The exact lines of the listing, from its first through the line that contains "在活动现场,心协准备了白纸、", are to make up the answer, and pictures are to be left out.

■ COLLECTED DATA
=== Begin Enclosure ===
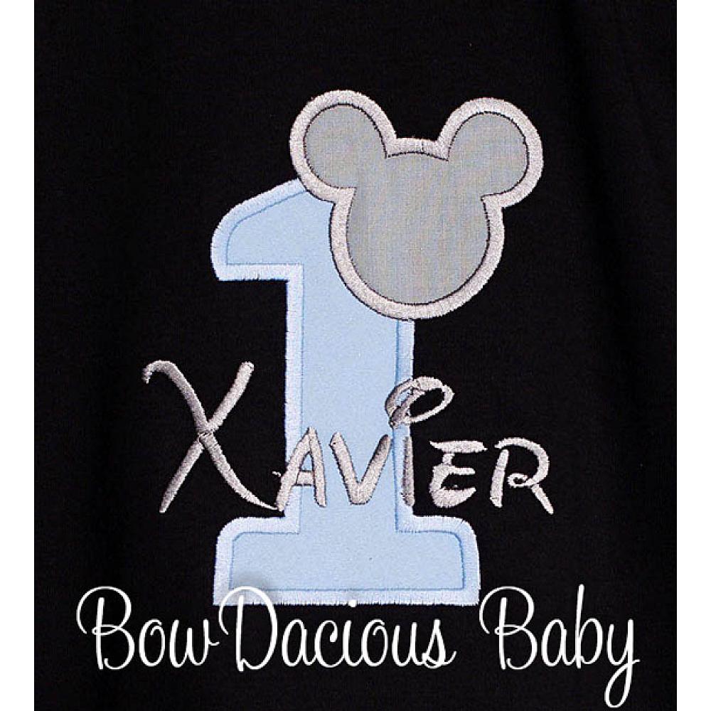 Personalized Mickey Mouse birthday shirt or onesie. Custom made to your specifications. You pick the fabric, font, and thread colors. Any Age. Add shorts, pants, a coordinating bib or diaper cover to complete the outfit.
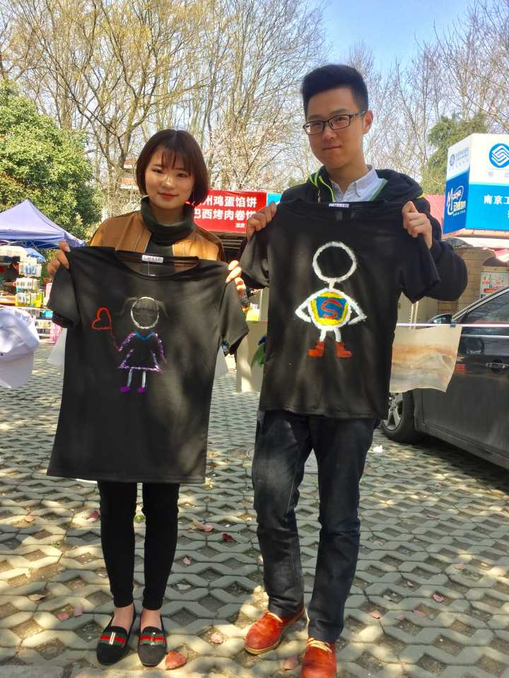 在活动现场,心协准备了白纸、扇子、T恤、帽子、水彩等道具供同学们创作。几张方桌整齐地摆在香樟树下,不一会儿就吸引了大量路过的同学。随意摊开的画布,尽情泼洒的水彩,让坐到画桌前的同学们沉浸在自己天马行空的世界里:白T上的金刚狼,带着中国水墨独有的洒脱大气;帽子上精心描绘的字母,暗含油彩神秘的俏皮不羁;点点淡墨,一支红梅在扇面上含苞待放……创作完后,大家脸上都露出了满意的笑容,不少同学将自己的作品放置东苑展览,引得行人驻足欣赏,也有很多同学将作品带回,为这个春天留下宝贵回忆。
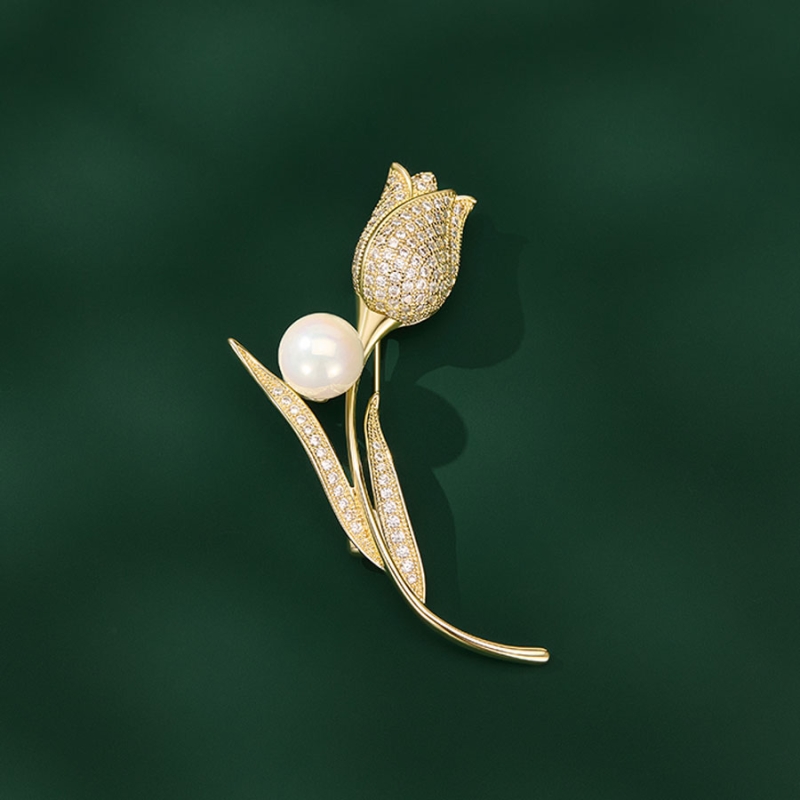Tato elegantní brož ve tvaru zlatého tulipánu s perlovým detailem je ztělesněním ženské něhy, krásy a rafinovanosti. Precizně zpracovaný květ tulipánu je zdobený jemnými zirkony, které dodávají celému šperku jemný třpyt, zatímco perla zasazená do stonku symbolizuje čistotu a půvab.Zlatá povrchová úprava v kombinaci s bílou perlou vytváří nadčasový a velmi ženský vzhled. Tento šperk se skvěle hodí ke slavnostním i formálním příležitostem – vynikne na tmavém saku, kabátu či večerních šatech, kde působí jako decentní, ale výrazný prvek celkového outfitu.Kombinace tulipánu a perly je vizuálním i emočním vyjádřením úcty, lásky a elegance. Brož je tak nejen krásným módním doplňkem, ale i silným symbolem – ideální volba pro každého, kdo hledá výjimečný dárek pro ženu, na které mu záleží. 💡 Tip: Tuto brož doporučujeme jako luxusní dárek ke Dni matek, pro učitelku jako poděkování, nebo k životnímu jubileu. V kombinaci s dárkovou krabičkou vytvoříte nezapomenutelný a esteticky silný moment.
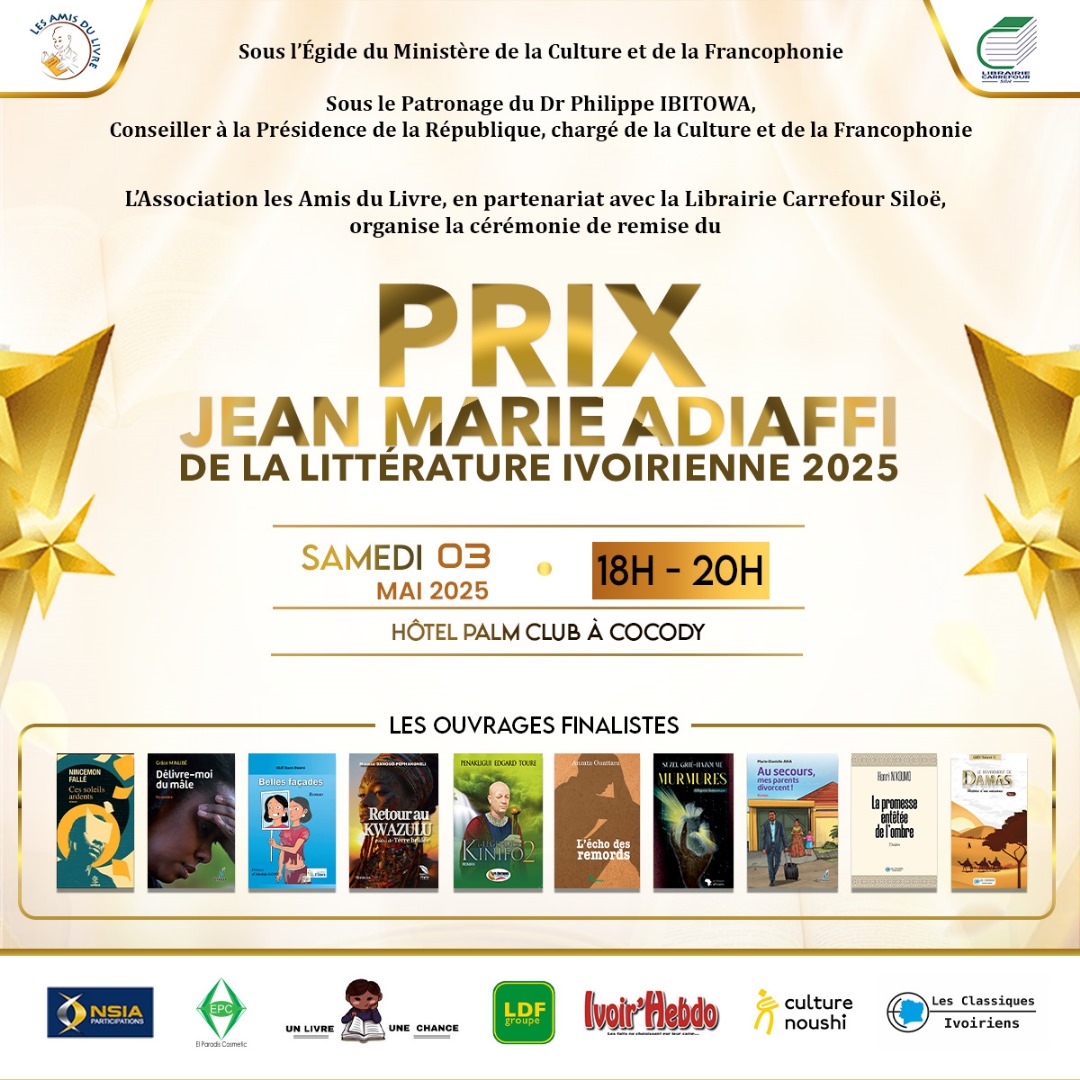 Le nom du lauréat du tout premier Prix Jean-Marie Adiaffi de la Littérature Ivoirienne sera dévoilé le 3 mai 2025, quelques jours avant l’ouverture du Salon International du Livre d’Abidjan, prévu le 6 mai. Ce prix, qui met à l’honneur la création littéraire ivoirienne, a vu 68 auteurs participer à cette première édition. Le lauréat sera révélé lors d’un dîner-gala qui se tiendra au Palm Club.
=== End Enclosure ===
■ SOLUTION TO THIS PROBLEM
 Personalized Mickey Mouse birthday shirt or onesie. Custom made to your specifications. You pick the fabric, font, and thread colors. Any Age. Add shorts, pants, a coordinating bib or diaper cover to complete the outfit.
 在活动现场,心协准备了白纸、扇子、T恤、帽子、水彩等道具供同学们创作。几张方桌整齐地摆在香樟树下,不一会儿就吸引了大量路过的同学。随意摊开的画布,尽情泼洒的水彩,让坐到画桌前的同学们沉浸在自己天马行空的世界里:白T上的金刚狼,带着中国水墨独有的洒脱大气;帽子上精心描绘的字母,暗含油彩神秘的俏皮不羁;点点淡墨,一支红梅在扇面上含苞待放……创作完后,大家脸上都露出了满意的笑容,不少同学将自己的作品放置东苑展览,引得行人驻足欣赏,也有很多同学将作品带回,为这个春天留下宝贵回忆。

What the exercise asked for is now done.